A small sports newsletter publisher has transformed its business through web publishing. It produces regular online bulletins for sports coaches, delivered by email, that print out to an A4 sheet, with tips on how to run a coaching session. So, given the existing subscriber base, what more could be charged for? The sports publisher can charge for indexing. As a periodical purchaser, you buy the story chosen by the editorial team, not necessarily the story you want. This week they cover defending, while you wanted goalkeeping for your training session this week. Rather than wait for the next time the publisher features his topic, there is a paid archive that is searchable by topic. Here is a clear example of added value that can be charged for in addition to a print subscription. Think of all those back issues of magazines you have lying around – you could find the article you wanted from three months ago, couldn’t you?

What to charge for – and how much to charge

Give away enough content free to make your would-be customers realise there is genuine value here. I’ve shown how a blanket ban on any content has a negative effect. Instead, identify other things you can charge for. The best place to start is to understand what the customer is trying to do with the content they are seeking. Can you help them achieve their goals? Do you know what their goals are? For example, can you provide content faster? Almost certainly. Can you provide it at evenings and weekends? No problem!

One fascinating example of this principle is how content that is free in some contexts can be paid in others. One company I worked for provided consultancy services to the construction industry. We created an online industry update newsletter as a shop window for the consultancy, and then found we could sell this newsletter: the Royal Institute of British Architects paid for the newsletter to be provided free to all its members as a membership benefit.

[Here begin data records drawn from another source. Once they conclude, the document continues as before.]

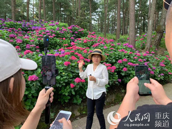 通過直播推廣涪陵繡球花。涪陵區文旅委供圖
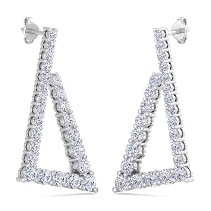 These lab grown diamond earrings feature 48 sparkling round shape lab grown diamonds totaling 4 3/4 carats. Diamond color is G-H, diamond clarity VS. These earrings are in 14 karat white gold and have comfortable and secure post with friction backs. The earrings drop down 1 1/2 Inches!
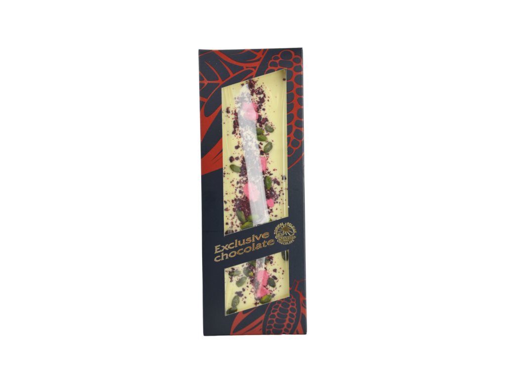 Čokoláda bílá s pistáciemi, růžemi a višněmi - Severka 115g
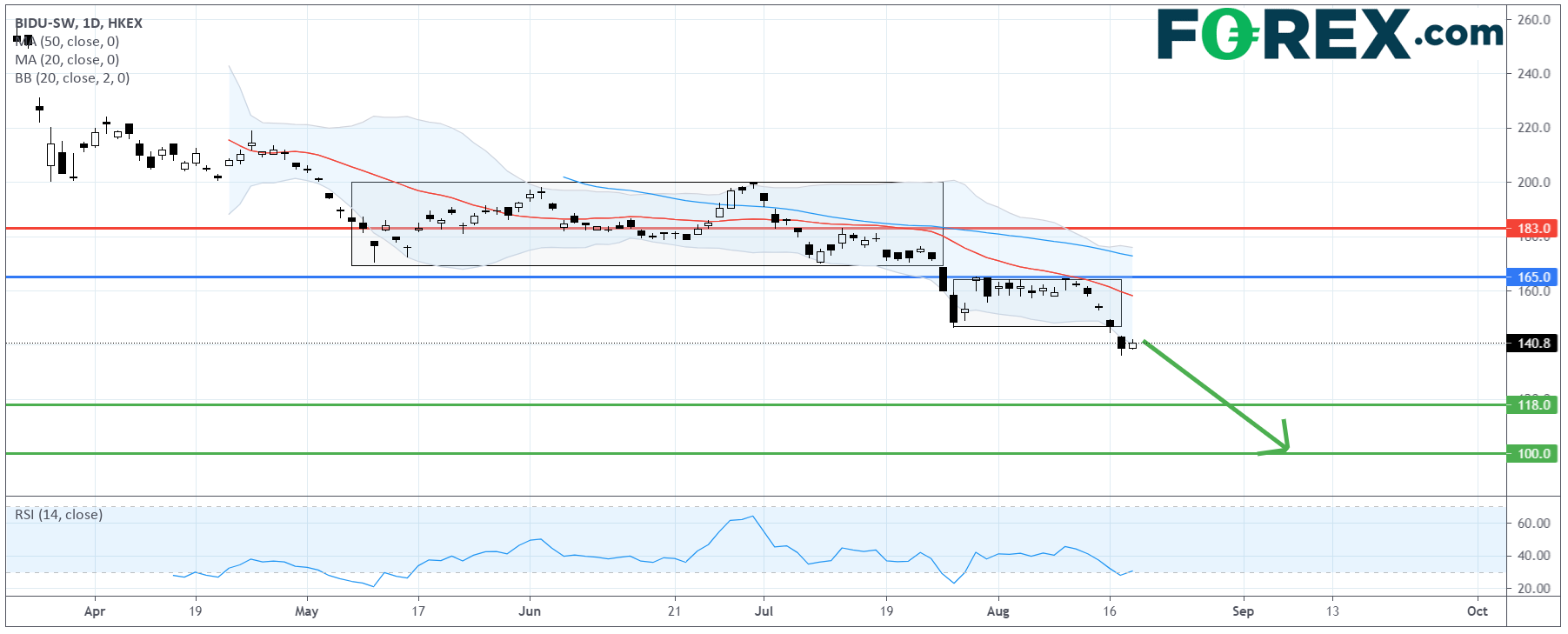 在日线图上,百度的技术走势仍然严峻。目前,股价跌破了过去数周的盘整区,进一步远离20日及50日移动均线。
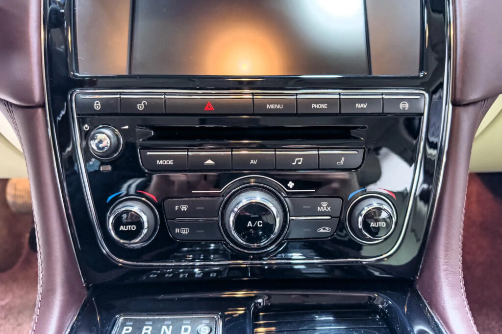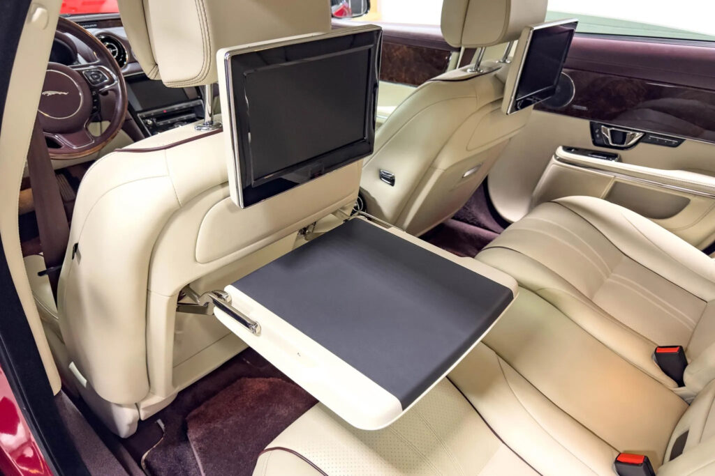 Rear-seat passengers in the LWB version of the 2014 XJ are provided with a wide range of entertainment features. The Rear Seat Entertainment package comprises two 10.2″ high-resolution screens mounted on the back of the front seat headrests. These can display inputs from a number of sources; the DVD player, digital TV tuner or an external media player that can be synced through the Rear Media Interface, which provides USB and RCA connections. Audio can be transmitted through the wireless headphones, allowing each passenger to watch separate entertainment sources. The rear seat environment, including the entertainment, is managed by a wireless controller housed in the centre console which also allows passengers to alter their individual climate zones and seat heating and cooling functions.

Another small publisher, producing books entitled Doing Business with…, covering how to trade with Russia, China, Eastern Europe, etc, found that once their content had been digitised, it could be licensed very easily in small chunks to market research companies, who were looking for market reports. Here was one chapter from a book that retails at £75, selling alongside market reports that cost £200. The only change was the context where the content was sold.

Some recommendations

In this brief article, I can’t hope to list more than a few ideas for how content can be sold. But I end with some recommendations for your paid online content:

* Nobody objects to paying for content if they know what they are getting and the rules are clearly stated. I can join ft.com for online access for a month, or for a year, and with three levels of content. So I use the service again and again.
* Make clear to the purchaser where the added value is. This can be searching and archiving (the FT, training plans) or it could be topicality (share prices, recent business deals) for which you can charge a premium. Does the web content solve the customer’s real problem? Then you can charge for it.
* Don’t hide all your content, and don’t give it all away. Find the correct point at which you should begin charging, so your users identify you have a good (and continuing) content base and that it is worth paying for your content.
* Whichever models you adopt for pricing, make sure you analyse usage carefully. The web provides better ways of recording consumption patterns than any former model, so make best use of it to fine-tune your pricing.
* Don’t believe the argument that traffic can be monetized later. Traffic is not worth clinging on to for its own sake. Hoping to pay for everything through advertising may work for Google but their model is unique. The rest of us are content owners and have to make that content pay.